As CEO of the YWCA of Spokane, my job and my calling is to help empower and advocate for women. At the YWCA, one of our primary areas of focus is domestic violence. We offer shelter, counseling, legal and job readiness services. Just as importantly, we provide a voice and a helping hand for the almost 16,000 women and children served by our agency every year.
As an advocate for women and families, the rhetoric of some opponents of “extreme risk protection orders” is deeply troubling. These orders are a tool that allow family members and law enforcement to prevent gun-related tragedies – suicide, homicide and mass shootings. It will also close a loophole in domestic violence and sexual assault protection orders that allows certain abusers to access firearms while protection orders are in place.
Extreme risk protection orders were introduced in the Washington Legislature this year as HB 2461. Law enforcement officers, survivors of gun violence, gun owners and public health experts testified in favor in February hearings, but the legislation was blocked.
More than 300 Washingtonians will be collecting signatures this weekend to get a similar measure, Initiative 1491, on the ballot this November.
Extreme risk protection orders work by allowing family members, household members and law enforcement to petition a court for a temporary order to remove and prevent the purchase of firearms by people who are experiencing a severe mental health crisis or who have demonstrated violent or threatening behavior.
Petitioners would have to present evidence before a judge, just like the current process for obtaining domestic violence and sexual assault protection orders. The orders would be in effect for a year, but can be extended through annual hearings. There are criminal penalties for breaking an order and for knowingly filing a false petition.
Family members and law enforcement are in the best position to see early warning signs of escalating or violent behavior.
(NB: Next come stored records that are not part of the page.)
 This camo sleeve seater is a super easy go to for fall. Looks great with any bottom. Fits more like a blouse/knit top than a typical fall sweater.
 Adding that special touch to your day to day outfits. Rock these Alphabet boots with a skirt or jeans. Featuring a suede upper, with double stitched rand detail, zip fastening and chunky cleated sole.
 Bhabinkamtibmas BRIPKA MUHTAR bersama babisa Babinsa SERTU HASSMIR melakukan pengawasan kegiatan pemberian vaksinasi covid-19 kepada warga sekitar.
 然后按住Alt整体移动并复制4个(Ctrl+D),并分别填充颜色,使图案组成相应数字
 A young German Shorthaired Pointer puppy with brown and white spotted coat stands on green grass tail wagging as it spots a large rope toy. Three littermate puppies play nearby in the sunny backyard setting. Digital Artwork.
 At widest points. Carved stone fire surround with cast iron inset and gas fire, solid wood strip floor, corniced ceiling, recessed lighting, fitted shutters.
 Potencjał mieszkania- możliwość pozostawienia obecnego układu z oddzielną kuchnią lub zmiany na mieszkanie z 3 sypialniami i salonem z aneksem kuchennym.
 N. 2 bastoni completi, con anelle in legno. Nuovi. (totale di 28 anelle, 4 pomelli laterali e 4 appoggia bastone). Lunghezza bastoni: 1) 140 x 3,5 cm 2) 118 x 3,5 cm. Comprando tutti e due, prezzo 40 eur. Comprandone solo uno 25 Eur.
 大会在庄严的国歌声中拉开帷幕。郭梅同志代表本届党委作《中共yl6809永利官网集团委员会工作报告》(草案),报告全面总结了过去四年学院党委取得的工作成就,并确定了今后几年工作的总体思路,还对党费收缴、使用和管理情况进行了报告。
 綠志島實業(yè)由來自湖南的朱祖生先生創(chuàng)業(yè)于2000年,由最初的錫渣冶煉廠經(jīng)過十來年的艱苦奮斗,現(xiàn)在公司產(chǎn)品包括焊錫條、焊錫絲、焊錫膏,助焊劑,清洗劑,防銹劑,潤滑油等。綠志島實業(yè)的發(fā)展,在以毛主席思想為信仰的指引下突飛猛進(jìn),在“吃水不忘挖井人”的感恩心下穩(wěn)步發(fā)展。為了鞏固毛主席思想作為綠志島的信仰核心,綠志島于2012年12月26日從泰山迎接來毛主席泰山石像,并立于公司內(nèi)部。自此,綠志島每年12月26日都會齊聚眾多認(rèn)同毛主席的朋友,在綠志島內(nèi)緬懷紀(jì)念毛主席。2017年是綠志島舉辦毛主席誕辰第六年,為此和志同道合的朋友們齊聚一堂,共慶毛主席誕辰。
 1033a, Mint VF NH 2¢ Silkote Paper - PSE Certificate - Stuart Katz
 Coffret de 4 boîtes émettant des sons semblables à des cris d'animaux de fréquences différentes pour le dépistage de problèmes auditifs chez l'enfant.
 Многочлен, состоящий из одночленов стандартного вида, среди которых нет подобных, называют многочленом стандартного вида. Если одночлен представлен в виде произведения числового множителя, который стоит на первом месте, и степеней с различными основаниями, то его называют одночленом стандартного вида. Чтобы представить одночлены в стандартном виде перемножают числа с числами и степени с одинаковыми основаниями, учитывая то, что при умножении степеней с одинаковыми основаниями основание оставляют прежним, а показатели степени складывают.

More than half of mass shooters and nearly 80 percent of suicide victims show signs of their intentions before taking deadly action. Family members are also the most likely to be hurt or killed when warning signs turn to violence. In fact, 57 percent of mass shootings in the United States are related to domestic or family violence.
The data on guns and violence against women are disturbing and totally unacceptable in a civilized nation. American women are 11 times more likely to be killed with a gun than women in other developed countries. The presence of a gun in the home makes it five times more likely that a domestic violence situation will become a murder. And every month more than 50 women are killed by a current or former romantic partner.
Access to guns by those deteriorating into mental illness or demonstrating or threatening violence can be the difference between an argument and a funeral.
Smart, responsible gun laws can change these terrible numbers. Unfortunately, gun lobby advocates have opposed solutions like extreme risk protection orders with offensive and damaging language that paints women seeking protection orders as “vindictive petitioners” and worse.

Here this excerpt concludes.